In controversial book Metastasi, Di Bella claimed that Gianni’s business was being used by Godfather Paolo De Stefano as a way to launder money, taking ‘rivers of money from drugs, extortion, protection rackets, loan sharking’ and making it clean. Another source said, ‘The N'drangheta lent Gianni Versace money and he was killed because of debts he had with them.’ The Versace family was quick to deny the allegations in a statement: 'The declarations from the informer are false and shameful. We reserve the right to protect the memory and reputation of Gianni Versace in civil and criminal courts.'

The whispers about Gianni’s health were also shut down. Maureen Orth’s 1999 book Vulgar Favors, which has actually served as a basis for the ACS series, alleged that Gianni was HIV-positive when he died. At the time, the Versace family’s spokesperson said they ‘deplore this mercenary invasion of their privacy and the scurrilous assault on the reputation of someone who was the victim of a horrible crime.’

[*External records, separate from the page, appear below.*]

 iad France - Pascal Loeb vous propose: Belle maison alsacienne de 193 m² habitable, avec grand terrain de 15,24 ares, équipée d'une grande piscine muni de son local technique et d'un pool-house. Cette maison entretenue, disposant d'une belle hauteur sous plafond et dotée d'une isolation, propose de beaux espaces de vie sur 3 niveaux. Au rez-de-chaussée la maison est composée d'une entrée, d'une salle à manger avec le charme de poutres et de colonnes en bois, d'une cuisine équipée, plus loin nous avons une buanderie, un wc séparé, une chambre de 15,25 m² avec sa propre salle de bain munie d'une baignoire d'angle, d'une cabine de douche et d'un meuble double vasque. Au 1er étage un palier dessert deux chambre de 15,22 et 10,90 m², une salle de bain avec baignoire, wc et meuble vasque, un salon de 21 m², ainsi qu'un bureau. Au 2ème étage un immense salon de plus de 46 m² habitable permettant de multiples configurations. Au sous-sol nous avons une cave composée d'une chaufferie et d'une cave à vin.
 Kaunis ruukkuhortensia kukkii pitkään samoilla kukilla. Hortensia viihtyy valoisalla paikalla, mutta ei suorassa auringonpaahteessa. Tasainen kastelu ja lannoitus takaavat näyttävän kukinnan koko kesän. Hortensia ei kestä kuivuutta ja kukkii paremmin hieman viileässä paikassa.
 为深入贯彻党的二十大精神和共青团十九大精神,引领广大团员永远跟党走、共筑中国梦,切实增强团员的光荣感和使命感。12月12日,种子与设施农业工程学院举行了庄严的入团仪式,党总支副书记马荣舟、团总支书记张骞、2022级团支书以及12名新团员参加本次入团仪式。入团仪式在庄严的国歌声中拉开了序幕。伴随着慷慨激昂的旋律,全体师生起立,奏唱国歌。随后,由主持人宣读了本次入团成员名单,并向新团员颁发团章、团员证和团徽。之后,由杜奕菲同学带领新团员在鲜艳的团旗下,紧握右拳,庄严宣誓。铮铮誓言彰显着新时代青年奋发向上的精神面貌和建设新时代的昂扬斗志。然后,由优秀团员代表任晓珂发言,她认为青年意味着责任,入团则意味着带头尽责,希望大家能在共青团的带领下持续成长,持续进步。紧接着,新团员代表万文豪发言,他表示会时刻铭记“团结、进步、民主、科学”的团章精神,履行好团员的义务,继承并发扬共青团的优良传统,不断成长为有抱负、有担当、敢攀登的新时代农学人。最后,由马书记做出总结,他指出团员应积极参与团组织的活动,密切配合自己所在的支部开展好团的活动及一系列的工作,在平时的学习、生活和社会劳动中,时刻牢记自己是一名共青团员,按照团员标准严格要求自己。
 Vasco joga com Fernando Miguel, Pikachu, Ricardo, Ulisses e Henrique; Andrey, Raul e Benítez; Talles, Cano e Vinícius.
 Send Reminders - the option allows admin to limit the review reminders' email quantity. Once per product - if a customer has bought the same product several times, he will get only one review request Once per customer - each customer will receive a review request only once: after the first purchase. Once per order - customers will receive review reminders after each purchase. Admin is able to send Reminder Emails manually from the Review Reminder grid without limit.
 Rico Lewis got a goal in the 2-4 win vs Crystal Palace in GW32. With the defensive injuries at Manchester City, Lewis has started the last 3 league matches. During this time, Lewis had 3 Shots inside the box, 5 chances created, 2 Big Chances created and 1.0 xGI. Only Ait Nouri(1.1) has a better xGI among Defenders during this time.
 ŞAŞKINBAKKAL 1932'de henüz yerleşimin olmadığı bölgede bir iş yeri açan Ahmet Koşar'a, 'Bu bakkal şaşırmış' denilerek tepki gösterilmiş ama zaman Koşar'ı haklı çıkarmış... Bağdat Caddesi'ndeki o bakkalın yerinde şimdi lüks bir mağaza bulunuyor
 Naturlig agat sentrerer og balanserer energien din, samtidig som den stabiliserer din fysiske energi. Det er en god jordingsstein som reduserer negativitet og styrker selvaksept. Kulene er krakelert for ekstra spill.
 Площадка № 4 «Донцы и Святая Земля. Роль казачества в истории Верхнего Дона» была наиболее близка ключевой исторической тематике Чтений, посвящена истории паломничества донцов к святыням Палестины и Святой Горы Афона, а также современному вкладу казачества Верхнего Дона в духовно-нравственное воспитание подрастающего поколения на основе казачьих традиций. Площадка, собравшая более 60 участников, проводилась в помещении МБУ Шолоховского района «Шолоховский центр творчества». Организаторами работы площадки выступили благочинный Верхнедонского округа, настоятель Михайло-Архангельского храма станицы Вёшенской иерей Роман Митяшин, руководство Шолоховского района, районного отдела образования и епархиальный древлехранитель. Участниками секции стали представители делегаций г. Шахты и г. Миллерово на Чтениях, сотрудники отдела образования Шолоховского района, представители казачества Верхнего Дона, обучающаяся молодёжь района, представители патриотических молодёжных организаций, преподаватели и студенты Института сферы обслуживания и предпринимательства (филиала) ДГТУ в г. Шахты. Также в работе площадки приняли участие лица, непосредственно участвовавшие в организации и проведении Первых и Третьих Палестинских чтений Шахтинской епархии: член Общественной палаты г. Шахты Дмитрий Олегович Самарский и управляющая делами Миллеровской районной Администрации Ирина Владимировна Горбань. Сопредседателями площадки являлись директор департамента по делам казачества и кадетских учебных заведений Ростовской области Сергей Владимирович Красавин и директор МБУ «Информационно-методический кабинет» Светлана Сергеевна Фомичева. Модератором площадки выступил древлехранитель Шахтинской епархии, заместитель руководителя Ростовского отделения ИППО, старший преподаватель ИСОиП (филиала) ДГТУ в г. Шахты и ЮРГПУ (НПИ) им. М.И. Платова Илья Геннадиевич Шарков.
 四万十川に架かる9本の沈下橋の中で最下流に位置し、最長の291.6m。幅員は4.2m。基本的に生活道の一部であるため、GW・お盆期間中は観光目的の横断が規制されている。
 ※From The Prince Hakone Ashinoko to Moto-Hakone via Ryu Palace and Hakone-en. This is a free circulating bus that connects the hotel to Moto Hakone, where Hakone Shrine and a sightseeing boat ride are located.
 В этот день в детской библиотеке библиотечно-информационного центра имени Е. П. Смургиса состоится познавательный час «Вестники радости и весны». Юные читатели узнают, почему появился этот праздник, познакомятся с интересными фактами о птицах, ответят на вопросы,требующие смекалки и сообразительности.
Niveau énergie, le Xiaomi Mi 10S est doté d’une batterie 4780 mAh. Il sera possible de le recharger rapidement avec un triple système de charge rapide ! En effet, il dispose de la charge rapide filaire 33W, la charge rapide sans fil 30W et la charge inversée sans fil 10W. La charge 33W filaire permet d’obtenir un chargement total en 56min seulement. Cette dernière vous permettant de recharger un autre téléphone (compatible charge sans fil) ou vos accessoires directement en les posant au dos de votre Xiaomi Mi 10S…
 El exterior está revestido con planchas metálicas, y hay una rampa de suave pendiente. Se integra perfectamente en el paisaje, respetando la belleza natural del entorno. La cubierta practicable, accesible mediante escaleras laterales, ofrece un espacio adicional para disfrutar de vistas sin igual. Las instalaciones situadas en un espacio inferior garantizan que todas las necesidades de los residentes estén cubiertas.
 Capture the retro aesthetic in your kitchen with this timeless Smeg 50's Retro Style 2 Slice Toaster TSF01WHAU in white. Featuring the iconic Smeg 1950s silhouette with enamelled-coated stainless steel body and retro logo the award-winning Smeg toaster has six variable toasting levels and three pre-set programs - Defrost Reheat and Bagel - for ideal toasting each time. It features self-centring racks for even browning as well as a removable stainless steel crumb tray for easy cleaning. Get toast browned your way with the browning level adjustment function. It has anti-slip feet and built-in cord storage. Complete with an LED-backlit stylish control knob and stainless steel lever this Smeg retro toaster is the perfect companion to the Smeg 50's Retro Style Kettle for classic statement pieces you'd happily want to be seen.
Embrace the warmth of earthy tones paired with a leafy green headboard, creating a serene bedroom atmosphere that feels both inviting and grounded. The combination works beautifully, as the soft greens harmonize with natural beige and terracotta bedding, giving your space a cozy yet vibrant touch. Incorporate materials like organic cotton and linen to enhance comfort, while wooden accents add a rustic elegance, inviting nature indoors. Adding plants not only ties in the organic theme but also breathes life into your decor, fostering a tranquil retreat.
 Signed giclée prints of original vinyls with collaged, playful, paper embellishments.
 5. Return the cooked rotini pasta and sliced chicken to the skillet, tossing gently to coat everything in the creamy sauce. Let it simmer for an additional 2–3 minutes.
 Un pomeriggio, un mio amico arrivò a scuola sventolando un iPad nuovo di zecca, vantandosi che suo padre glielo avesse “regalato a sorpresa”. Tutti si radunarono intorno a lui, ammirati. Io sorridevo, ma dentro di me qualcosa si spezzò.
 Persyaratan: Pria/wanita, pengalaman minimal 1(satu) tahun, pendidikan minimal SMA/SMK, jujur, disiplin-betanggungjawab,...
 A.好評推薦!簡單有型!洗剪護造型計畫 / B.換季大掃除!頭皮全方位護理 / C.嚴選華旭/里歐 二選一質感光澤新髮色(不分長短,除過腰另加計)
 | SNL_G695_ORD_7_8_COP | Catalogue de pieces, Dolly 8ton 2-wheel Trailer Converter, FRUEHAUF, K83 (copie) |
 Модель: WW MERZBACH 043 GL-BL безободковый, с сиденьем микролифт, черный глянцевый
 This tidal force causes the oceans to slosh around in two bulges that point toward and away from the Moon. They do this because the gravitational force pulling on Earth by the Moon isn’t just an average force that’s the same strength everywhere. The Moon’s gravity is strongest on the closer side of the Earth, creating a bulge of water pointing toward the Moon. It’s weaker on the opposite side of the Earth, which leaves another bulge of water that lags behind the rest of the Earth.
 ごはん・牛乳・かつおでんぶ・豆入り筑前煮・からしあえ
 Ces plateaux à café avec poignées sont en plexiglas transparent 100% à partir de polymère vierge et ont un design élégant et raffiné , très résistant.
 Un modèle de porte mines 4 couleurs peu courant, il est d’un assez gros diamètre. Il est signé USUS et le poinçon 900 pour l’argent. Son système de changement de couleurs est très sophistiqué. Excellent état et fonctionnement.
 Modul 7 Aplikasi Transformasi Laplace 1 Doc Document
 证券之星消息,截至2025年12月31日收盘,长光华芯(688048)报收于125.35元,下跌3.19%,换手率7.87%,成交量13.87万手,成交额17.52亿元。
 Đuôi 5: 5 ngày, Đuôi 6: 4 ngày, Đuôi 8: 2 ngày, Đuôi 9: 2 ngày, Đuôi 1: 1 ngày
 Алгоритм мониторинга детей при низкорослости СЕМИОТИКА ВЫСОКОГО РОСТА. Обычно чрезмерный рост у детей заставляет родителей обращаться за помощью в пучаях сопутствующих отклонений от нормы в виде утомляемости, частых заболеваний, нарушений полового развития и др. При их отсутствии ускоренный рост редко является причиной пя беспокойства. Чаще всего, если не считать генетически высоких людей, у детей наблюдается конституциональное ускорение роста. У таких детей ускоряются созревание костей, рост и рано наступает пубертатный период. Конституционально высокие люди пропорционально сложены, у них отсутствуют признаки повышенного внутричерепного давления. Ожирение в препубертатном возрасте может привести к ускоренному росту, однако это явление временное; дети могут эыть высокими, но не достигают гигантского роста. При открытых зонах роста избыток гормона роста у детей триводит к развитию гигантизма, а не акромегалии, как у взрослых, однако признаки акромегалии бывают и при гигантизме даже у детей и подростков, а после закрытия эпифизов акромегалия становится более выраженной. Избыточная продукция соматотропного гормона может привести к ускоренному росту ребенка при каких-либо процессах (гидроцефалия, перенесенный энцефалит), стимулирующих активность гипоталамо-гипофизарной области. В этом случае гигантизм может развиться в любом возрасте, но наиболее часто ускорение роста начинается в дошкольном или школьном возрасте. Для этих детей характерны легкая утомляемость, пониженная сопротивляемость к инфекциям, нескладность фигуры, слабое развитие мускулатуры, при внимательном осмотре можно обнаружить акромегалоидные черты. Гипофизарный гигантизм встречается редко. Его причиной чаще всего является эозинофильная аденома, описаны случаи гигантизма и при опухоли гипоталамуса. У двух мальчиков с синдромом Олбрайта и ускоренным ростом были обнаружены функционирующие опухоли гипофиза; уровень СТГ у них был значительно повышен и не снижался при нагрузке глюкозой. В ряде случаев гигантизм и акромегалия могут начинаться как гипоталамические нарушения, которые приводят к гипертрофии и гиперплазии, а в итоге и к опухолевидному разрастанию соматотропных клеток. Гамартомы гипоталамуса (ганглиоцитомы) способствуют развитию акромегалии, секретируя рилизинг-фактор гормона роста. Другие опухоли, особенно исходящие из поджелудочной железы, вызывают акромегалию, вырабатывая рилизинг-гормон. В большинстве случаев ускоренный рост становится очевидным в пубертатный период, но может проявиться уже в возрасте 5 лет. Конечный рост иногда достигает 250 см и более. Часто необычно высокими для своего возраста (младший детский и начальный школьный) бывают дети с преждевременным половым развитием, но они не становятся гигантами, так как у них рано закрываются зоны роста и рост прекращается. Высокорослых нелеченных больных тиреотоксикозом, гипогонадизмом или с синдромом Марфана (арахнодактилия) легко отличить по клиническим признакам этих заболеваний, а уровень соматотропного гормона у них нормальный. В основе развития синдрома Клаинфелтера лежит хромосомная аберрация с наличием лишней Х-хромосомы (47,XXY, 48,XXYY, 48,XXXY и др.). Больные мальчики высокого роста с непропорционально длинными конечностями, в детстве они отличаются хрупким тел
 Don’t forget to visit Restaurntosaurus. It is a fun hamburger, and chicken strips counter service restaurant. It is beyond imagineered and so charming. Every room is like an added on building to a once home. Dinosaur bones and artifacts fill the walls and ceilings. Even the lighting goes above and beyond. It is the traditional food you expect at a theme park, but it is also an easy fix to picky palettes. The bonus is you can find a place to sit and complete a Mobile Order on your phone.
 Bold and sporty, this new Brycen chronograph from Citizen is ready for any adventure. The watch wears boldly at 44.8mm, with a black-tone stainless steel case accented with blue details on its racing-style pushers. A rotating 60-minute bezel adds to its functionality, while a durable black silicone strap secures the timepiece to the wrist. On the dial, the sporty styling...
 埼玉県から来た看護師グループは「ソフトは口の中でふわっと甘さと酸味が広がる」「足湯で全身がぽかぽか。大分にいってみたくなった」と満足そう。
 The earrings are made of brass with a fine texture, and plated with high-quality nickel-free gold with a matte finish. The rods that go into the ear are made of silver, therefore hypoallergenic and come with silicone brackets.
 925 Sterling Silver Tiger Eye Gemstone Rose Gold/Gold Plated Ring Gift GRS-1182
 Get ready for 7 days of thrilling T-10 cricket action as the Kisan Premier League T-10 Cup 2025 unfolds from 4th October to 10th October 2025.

With so much material to go on, it’s hard to tell where executive producer Murphy and his team will begin, but begin they have; filming has already started in Miami, with the series slated to run in early 2018. Edgar Ramirez takes on the role of Gianni, with Ricky Martin (yes, THAT Ricky Martin) as his boyfriend Antonio and – with Ms Versace’s blessing – Penelope Cruz playing Donatella. Darren Criss, Glee’s Blaine Anderson, is killer Andrew Cunanan.

Could it be that The Assassination Of Gianni Versace will be even more compulsive viewing than it’s predecessor, The People v. O.J. Simpson? That Penelope’s Donatella will be more frequently talked about than David Schwimmer’s Robert Kardashian? We think it might just be in with a shot.